* EXERCISE DATA:
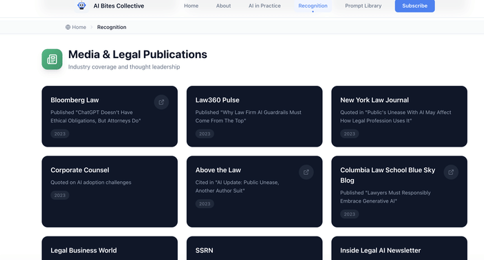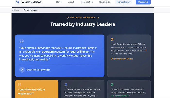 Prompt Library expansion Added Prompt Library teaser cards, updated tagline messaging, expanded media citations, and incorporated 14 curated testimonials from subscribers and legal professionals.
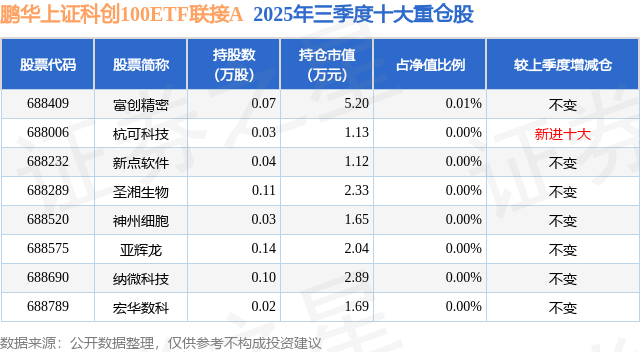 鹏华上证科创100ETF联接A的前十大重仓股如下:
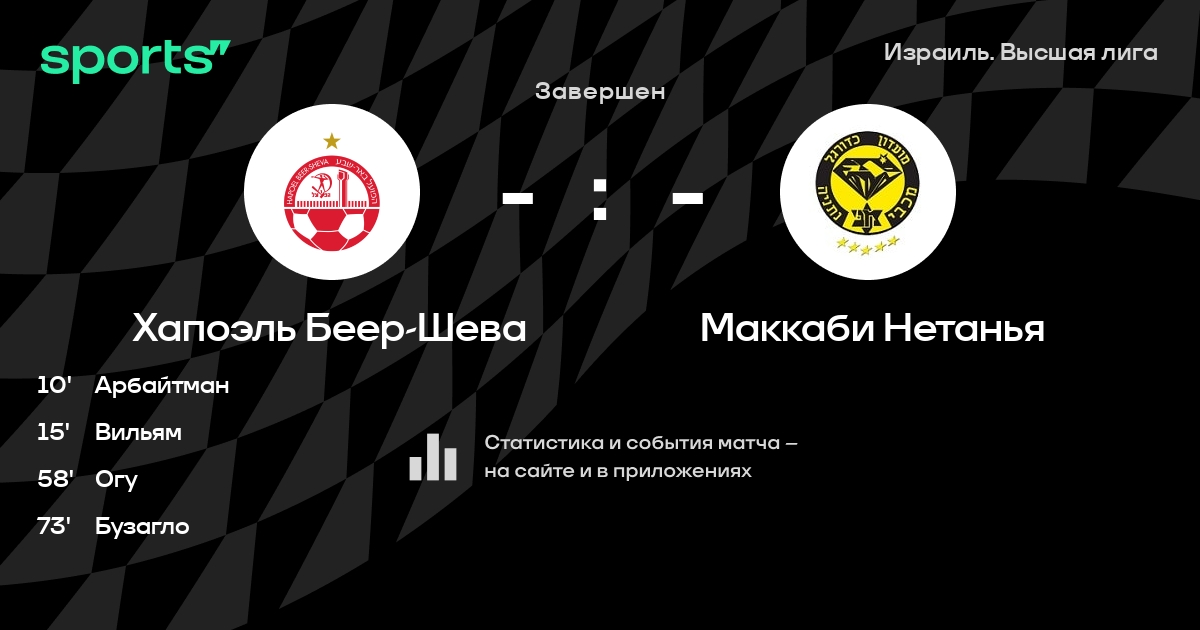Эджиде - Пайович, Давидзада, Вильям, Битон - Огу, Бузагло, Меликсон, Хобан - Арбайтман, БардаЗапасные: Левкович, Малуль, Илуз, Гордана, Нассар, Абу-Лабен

==

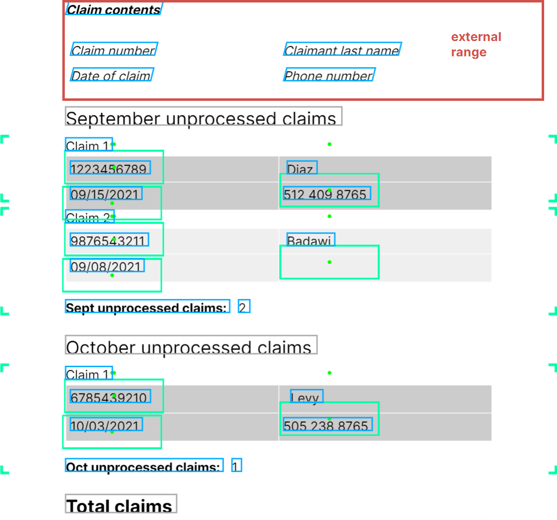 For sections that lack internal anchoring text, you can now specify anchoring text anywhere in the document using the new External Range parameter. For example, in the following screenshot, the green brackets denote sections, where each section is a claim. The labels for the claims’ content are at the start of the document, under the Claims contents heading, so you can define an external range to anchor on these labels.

* INSTRUCTIONS TO FOLLOW: Using the data above, output the line that has "Prompt Library expansion", the line that has "Эджиде - Пайович, Давидзада, Вильям, Битон", and whatever lines fall between, each exactly as it stands and without pictures.

* TASK ANSWER:
 Prompt Library expansion Added Prompt Library teaser cards, updated tagline messaging, expanded media citations, and incorporated 14 curated testimonials from subscribers and legal professionals.
 鹏华上证科创100ETF联接A的前十大重仓股如下:
Эджиде - Пайович, Давидзада, Вильям, Битон - Огу, Бузагло, Меликсон, Хобан - Арбайтман, БардаЗапасные: Левкович, Малуль, Илуз, Гордана, Нассар, Абу-Лабен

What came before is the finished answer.